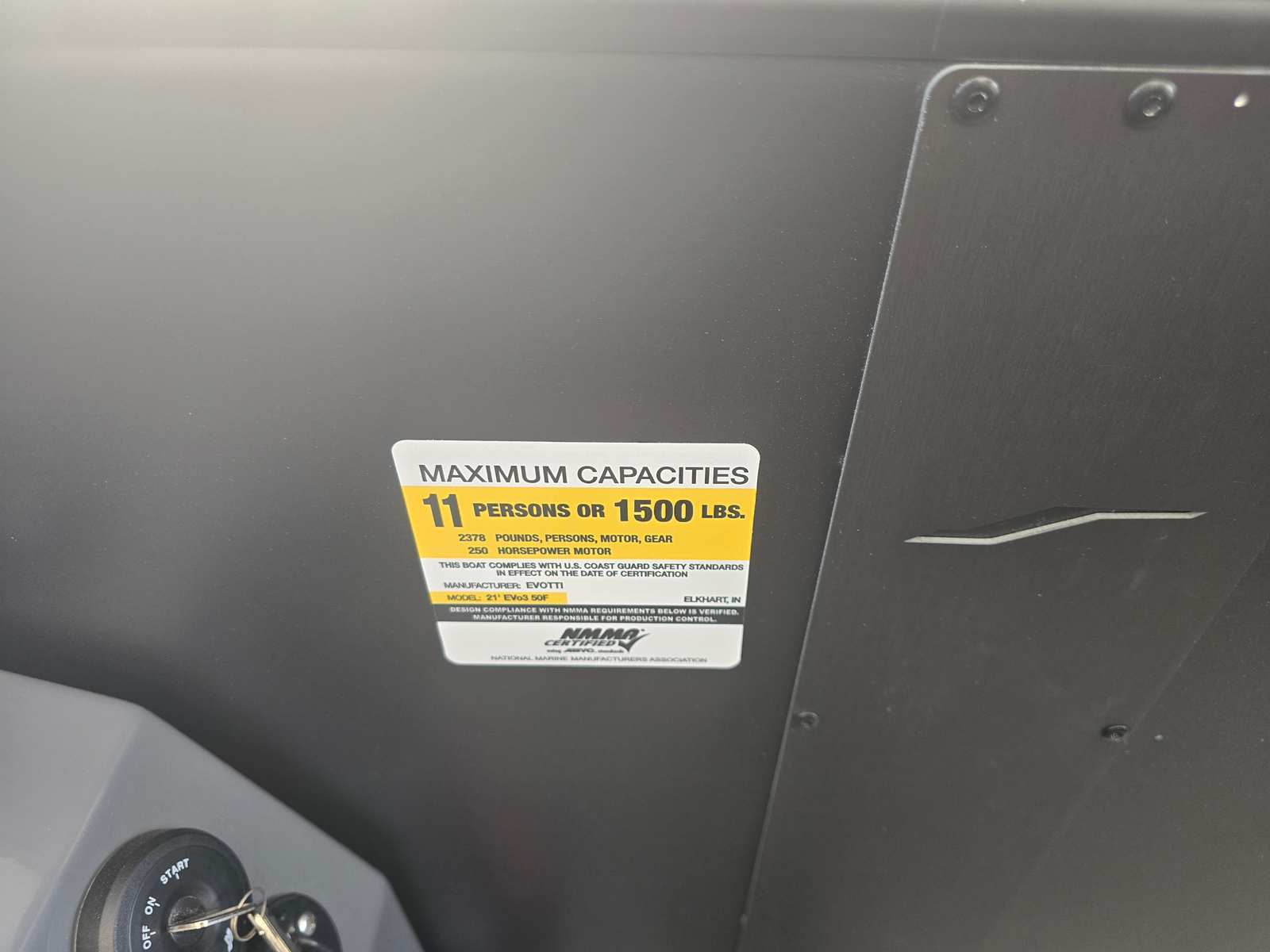 The 2026 Evotti 521 CS is loaded with premium features that enhance both aesthetics and functionality. The exterior boasts a sophisticated Panel Diamond Black Satin finish, complemented by a striking Panel Accent Pearl White Gloss that adds a touch of elegance and modern flair. The Canvas Black provides durable protection from the elements, ensuring your boat remains in top condition throughout the seasons.Step aboard and experience the comfort of the Base Vinyl Steel Gray upholstery, which offers a sleek, contemporary look while providing exceptional durability and easy maintenance. The Steel Gray Evolution Flooring not only adds to the boat’s visual appeal but also delivers a non-slip, comfortable surface that is perfect for barefoot relaxation or active days on the water.Safety is a top priority, and the inclusion of stern safety chains provides added peace of mind for you and your passengers. The battery dual system ensures reliable power for all your onboard electronics and accessories, so you can focus on enjoying your time on the water without worry.
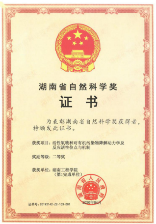 6月10日上午,湖南省科技创新奖励大会在长沙召开。阳海教授受邀出席,由他牵头,联合深圳市环境科学研究院和湖南化工研究院有限公司完成的“活性氧物种对有机污染物降解动力学及反应活性位点与机制”项目喜获2019年湖南省科学技术奖励自然科学二等奖。这是我校首次牵头获得该级别奖项,也是该团队在获得“中国化工学会基础研究成果三等奖”之后,收获的又一个重要奖项。
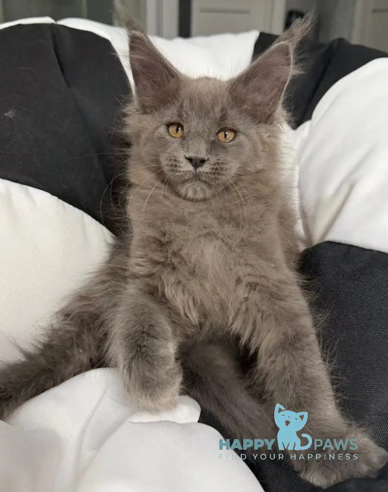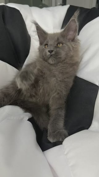 Meet Asqar, a striking blue Maine Coon male kitten with the breed's signature intelligence and gentle temperament. Maine Coons are renowned for their impressive size, tufted ears, and luxurious coats—Asqar's blue coloring showcases the breed's natural elegance. These cats are highly social, playful, and adaptable companions that thrive in family environments. Asqar combines the Maine Coon's legendary loyalty with an affectionate nature, making him an exceptional choice for those seeking a devoted feline friend with distinctive character and charm.
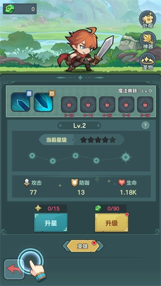 消耗资源对英雄进行升星和升级,提升攻击、防御、生命属性,解锁魔法典籍技能。
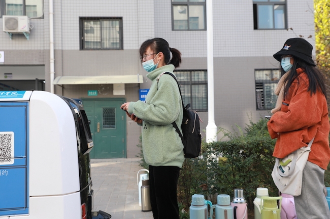 “无接触,更安全。”会计学院的郭晓慧同学说,考虑到疫情因素,大家现在基本上都会选择这种方式。
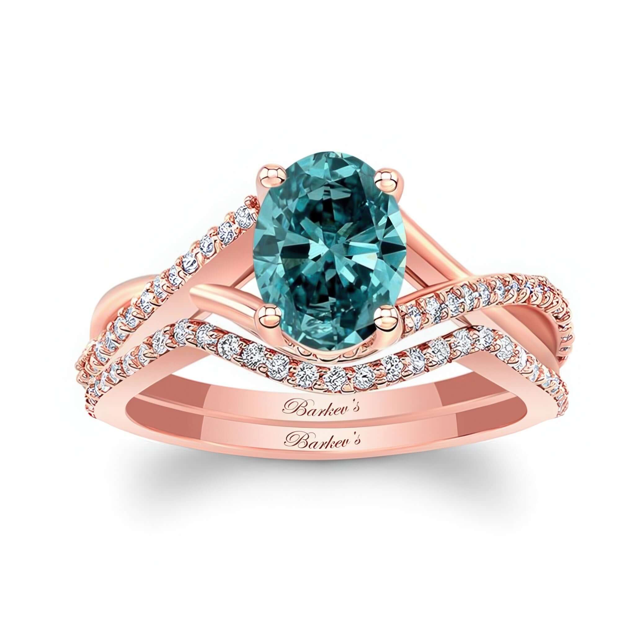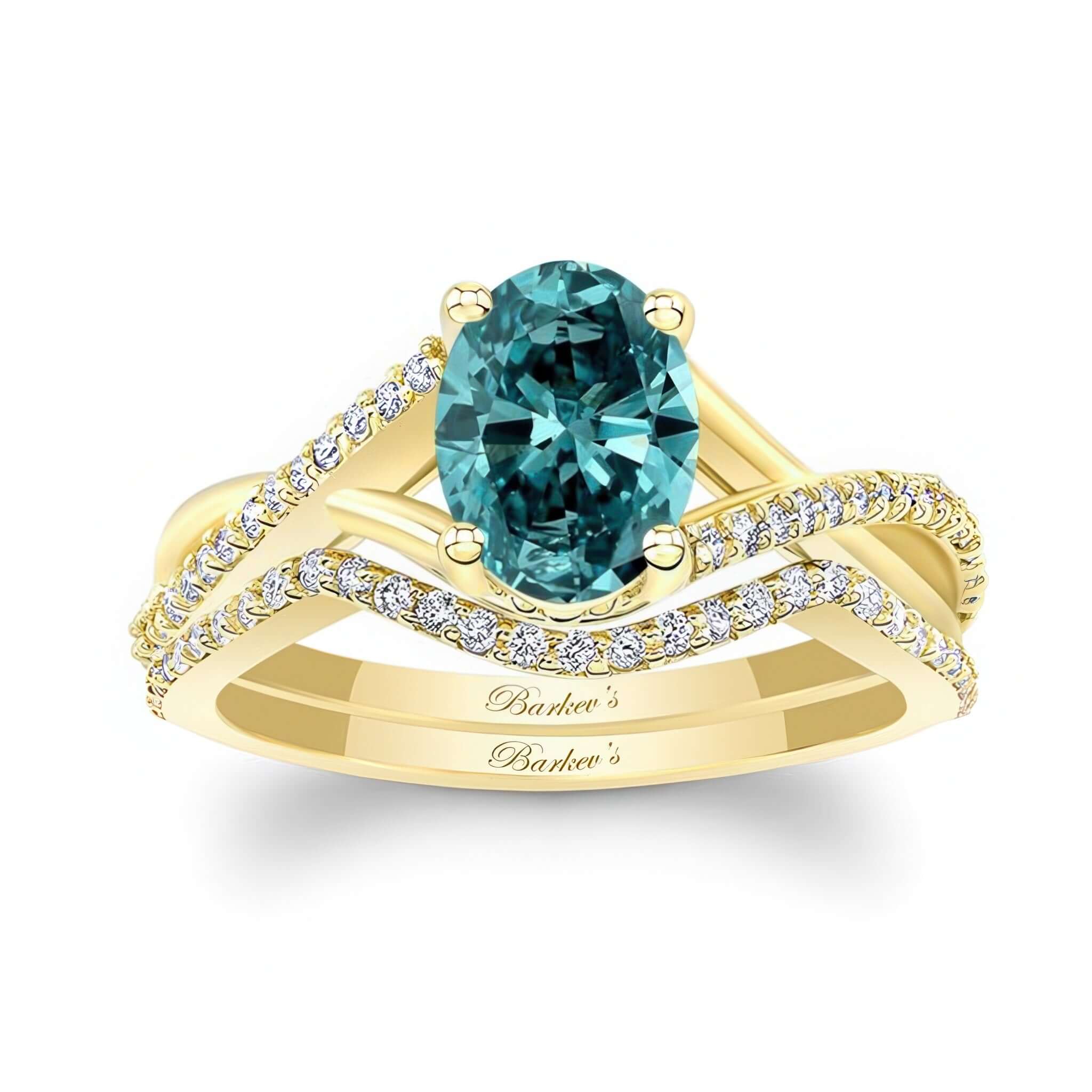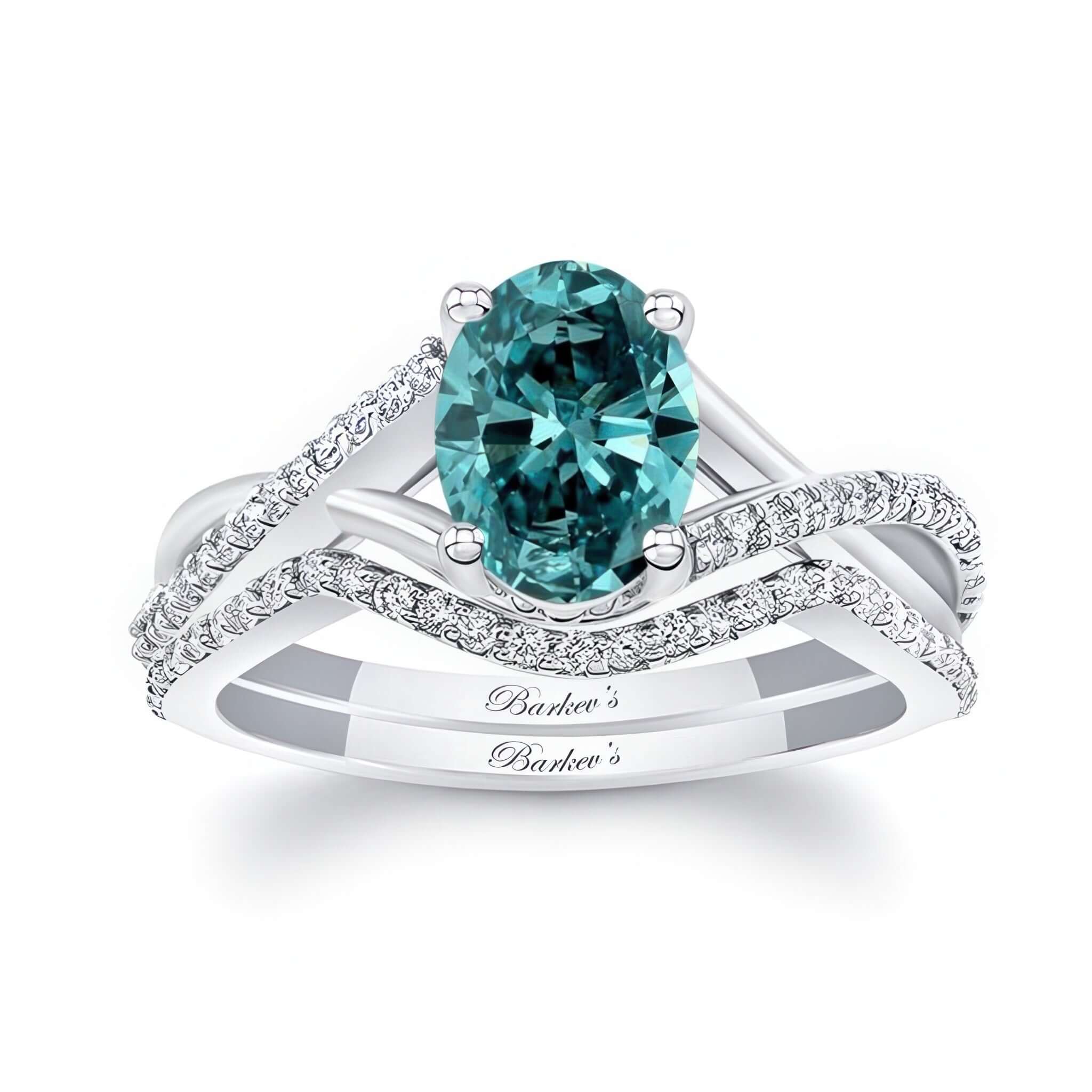 A simple one carat oval blue and white diamond bridal set featuring an oval center, a criss crossing split shank and shared prong diamonds on the sides. Comes with a matching wedding band.

═══

* WHAT TO DO
Retype the entries exactly, skipping every picture.

* OUTPUT BELOW
 The 2026 Evotti 521 CS is loaded with premium features that enhance both aesthetics and functionality. The exterior boasts a sophisticated Panel Diamond Black Satin finish, complemented by a striking Panel Accent Pearl White Gloss that adds a touch of elegance and modern flair. The Canvas Black provides durable protection from the elements, ensuring your boat remains in top condition throughout the seasons.Step aboard and experience the comfort of the Base Vinyl Steel Gray upholstery, which offers a sleek, contemporary look while providing exceptional durability and easy maintenance. The Steel Gray Evolution Flooring not only adds to the boat’s visual appeal but also delivers a non-slip, comfortable surface that is perfect for barefoot relaxation or active days on the water.Safety is a top priority, and the inclusion of stern safety chains provides added peace of mind for you and your passengers. The battery dual system ensures reliable power for all your onboard electronics and accessories, so you can focus on enjoying your time on the water without worry.
 6月10日上午,湖南省科技创新奖励大会在长沙召开。阳海教授受邀出席,由他牵头,联合深圳市环境科学研究院和湖南化工研究院有限公司完成的“活性氧物种对有机污染物降解动力学及反应活性位点与机制”项目喜获2019年湖南省科学技术奖励自然科学二等奖。这是我校首次牵头获得该级别奖项,也是该团队在获得“中国化工学会基础研究成果三等奖”之后,收获的又一个重要奖项。
 Meet Asqar, a striking blue Maine Coon male kitten with the breed's signature intelligence and gentle temperament. Maine Coons are renowned for their impressive size, tufted ears, and luxurious coats—Asqar's blue coloring showcases the breed's natural elegance. These cats are highly social, playful, and adaptable companions that thrive in family environments. Asqar combines the Maine Coon's legendary loyalty with an affectionate nature, making him an exceptional choice for those seeking a devoted feline friend with distinctive character and charm.
 消耗资源对英雄进行升星和升级,提升攻击、防御、生命属性,解锁魔法典籍技能。
 “无接触,更安全。”会计学院的郭晓慧同学说,考虑到疫情因素,大家现在基本上都会选择这种方式。
 A simple one carat oval blue and white diamond bridal set featuring an oval center, a criss crossing split shank and shared prong diamonds on the sides. Comes with a matching wedding band.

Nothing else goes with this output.